Technical advances need water that is even cleaner than drinking water

Leo T. Meire
Vice Chair, Industrial Water Treatment Technical Committee

This article was written on a computer, powered by electricity and composed by a human.

Making this whole process possible is water — abundant, high-purity water. Water to clean the silicon microchips, water for the steam at the power plant and water to make the flu shots keeping us healthy.

We all know that water is necessary for all beings to live. What fewer of us understand is that water is also necessary to advance the technical innovations that make possible so much of modern life.

A bank of ultrafiltration membranes is the final step in the production of ultrapure water for microelectronics processing.

The Industrial Water Treatment Technical Committee is concerned with the production of high-purity water for industrial use, primarily in semiconductors, biopharmaceuticals and power generation, but including other process industries.

The challenge to the Technical Committee is to bring together academia and industry, and to provide a setting where both can develop better means of meeting the requirements for purity, regulatory compliance and economic operation. The committee is now actively recruiting members.

Currently, the clear trends are toward higher purity specifications, 100 percent availability, faster construction and lower running costs. These considerations will drive the selection of plant components and shape the future of water treatment.

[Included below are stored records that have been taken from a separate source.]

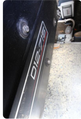
Cranchi Mediterranée 50
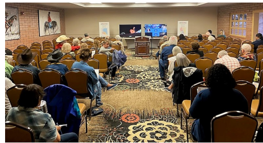
Sept. 23, 2021 attendees in Sierra Vista, Satellite location.
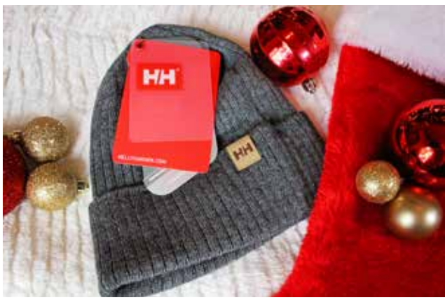
Helly Hanson Business Beanie for Him

Fitbit® Alta™ keeps you motivated and also looking great. Track your activity and take advantage of automatic recognition of select exercises. Get at <u>Verizon Wireless</u>.
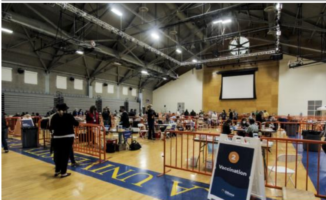
Pictured: Vaccinations are underway at Soka University, OC's newest Super POD site.
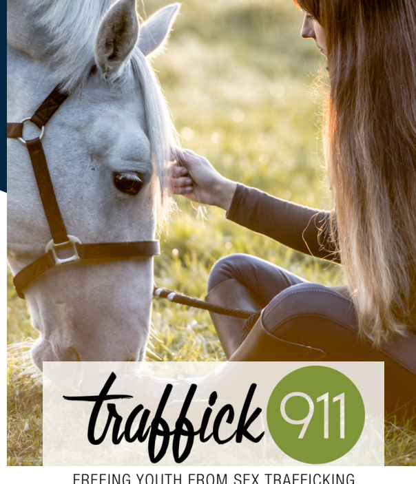
FREEING YOUTH FROM SEX TRAFFICKING
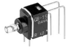
LED Changes for GB Illuminated Pushbuttons

The GB Illuminated Pushbuttons will have a change to the LED specifications for Red, Amber and Green. The change will effect all illuminated models, both standard and custom. The specification changes are outlined below, followed by effected standard part numbers.
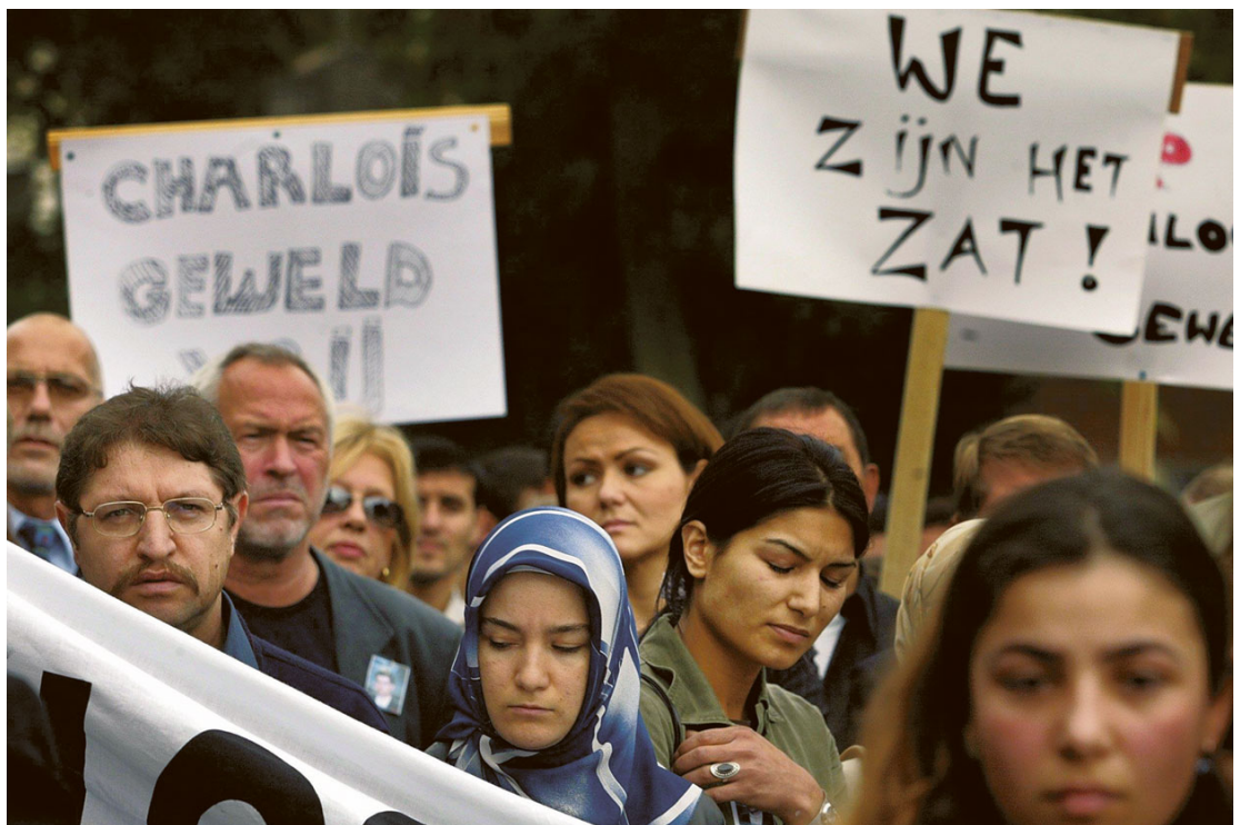
Silent march in Charlois, Rotterdam.

As city authorities are confining themselves to their basic tasks and citizens are compelled to take the care of their living environment into their own hands, 'gated communities' like those becoming increasingly common in the United States may not be far off for the Netherlands, according to Harm Tilman. The development of a society of control in which the issue of security is high on the political agenda has opened the way for this in the Netherlands.
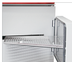
Coil coating door flap
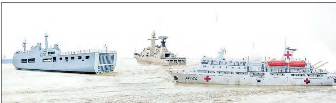
Myanmar nationals, stranded in Malaysia for many years, are repatriated by Navy vessels.

CHAIRMAN of the State Administration Council Senior General Min Aung Hlaing once said the Myanmar nationals stranded in foreign countries for many years should return to the country and arrangements will be made to bring back those nationals as quickly as possible during the meeting of the Union Government held on 2 February.
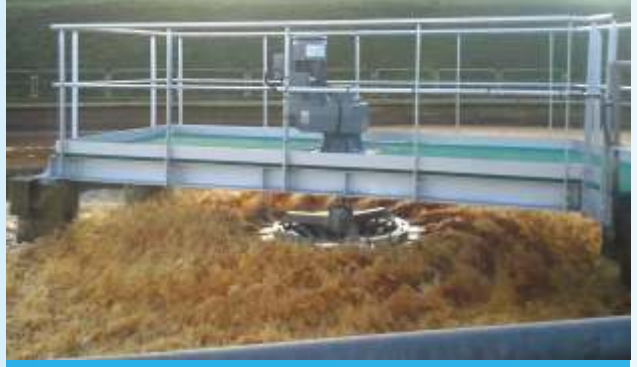
BSK®-Turbine Ø 1.400 mm, Cheese factory, France

It is well known, that the aeration system of a wastewater treatment plant is the largest power consumer on site. Consequently, it is important to reduce the energy consumption to the lowest possible level. As a result, the efficiency of aeration systems is an important matter concerning the long-term energy balance. BSK®-Turbines play an important part in fulfilling this objective.
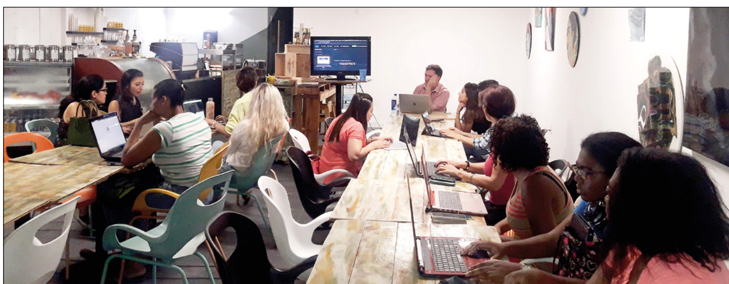
► Women Code Cayman class participants

For further information, go to http://women.codecayman.com/ .
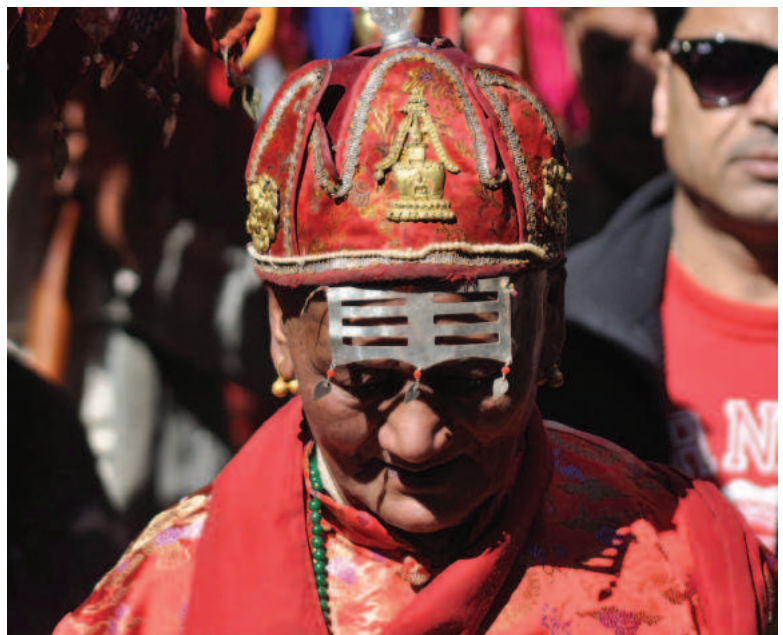
FIGURE 11. Detail of central caitya in the Śākya Sthavira Āju's ceremonial hat, Kwā Bahā, Patan, Nepal, 2012

These differences reflect the elevated status of Vajrācārya caste members, relating back to their role, discussed earlier, as Masters of the Diamond Way and to their function as priests and ritual specialists.
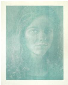
FRANZ GERTSCH Dominique. 1988. Woodcut in colour. 7/18. Signed in pencil on the reverse: Franz Gertsch. Image 234 x 181 cm on Japan paper by Heizoburo 275 x 219 cm. Sold for CHF 168 500
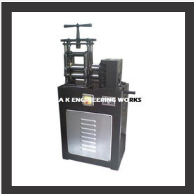
Single Head Sheet Rolling Mill
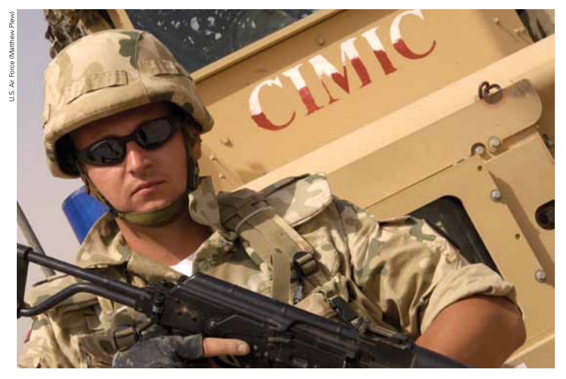
Polish soldier with CIMIC team inspects local projects in Ad Diwaniyah, Iraq, May 2008

While the concept generally calls for consistent integration across all echelons from the political to the tactical level, 13 its practical use as an effective tool is almost exclusively limited to the tactical, and in the operational-level
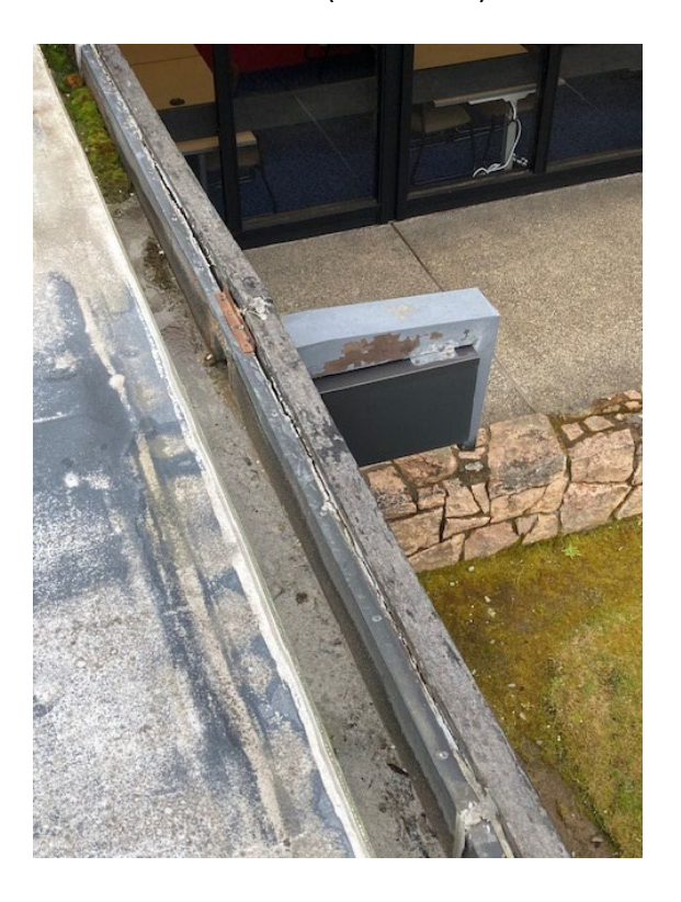
6. Gutter above South side (over offices) above flat roof.
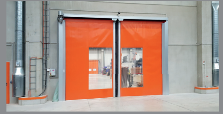
HORIZONTAL HIGH-SPEED DOORS
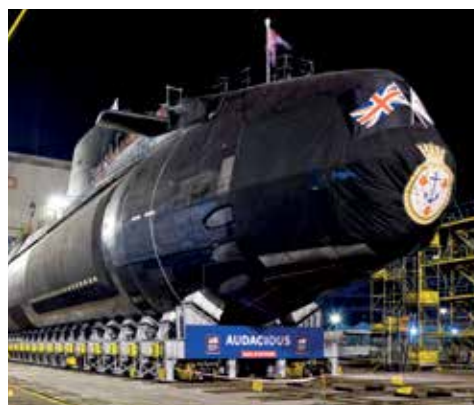
Transfer cars contributed to a record 2024 for Clarke Chapman.

Overall, a positive, albeit modest, performance by Claudius Peters and a moderately improved outlook for 2025.
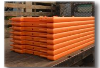
Four Molded-In Stacking Lugs for Secure Transport and Storage.
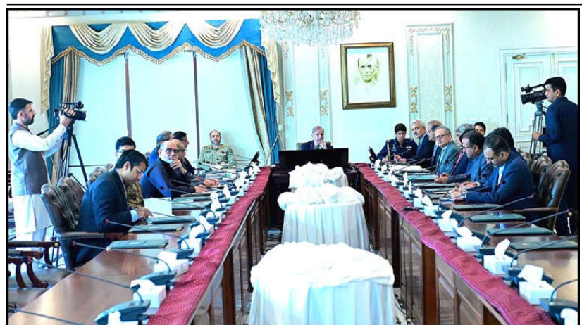
ISLAMABAD: Prime Minister Muhammad Shehbaz Sharif chairs a meeting regarding security situation in the country.

The meeting expressed the resolve to stamp out the scourge of terrorism with the support of the nation.

Modern plants are grouped into pretreatment, makeup, polishing and distribution sections.

Pretreatment equipment is tailored to the feed water source. Water from a municipal plant requires less treatment than that from a surface source, such as a river or well. Makeup systems often use reverse osmosis and deionization to remove most of the contaminants, with the polishing plant using another stage of deionization and ultrafiltration for the last traces. Distribution piping maintains water purity until it reaches the point of use. High-purity materials prevent contamination of the product and withstand sanitization. Research into Teflon-related plastics and stainless steels is active in many areas.

Monitoring and controlling water plants is a critical function. Statistical process controls, failure modes and effects analyses, and probabilistic risk assessments will become more prominent.

Measurement of contaminants in the parts-per-billion range or lower places severe demands on instrumentation. Ion chromatography, mass spectrometry and specialized instruments for individual contaminants require substantial capital investment and running cost. Maintaining equipment without interrupting production is always a challenge. These considerations enhance the value of training to the overall operation; untrained individuals cannot keep the plant running at high levels.

Control of biological organisms in water is crucial in the biopharmaceutical industry. Water used in drugs for human use is regulated by the Food and Drug Administration. Live organisms, endotoxins and their associated pyrogenicity — fever producing components — must be evaluated and reduced or eliminated. Many different clean-in-place techniques are used in the food and biopharmaceutical industries to control microorganisms.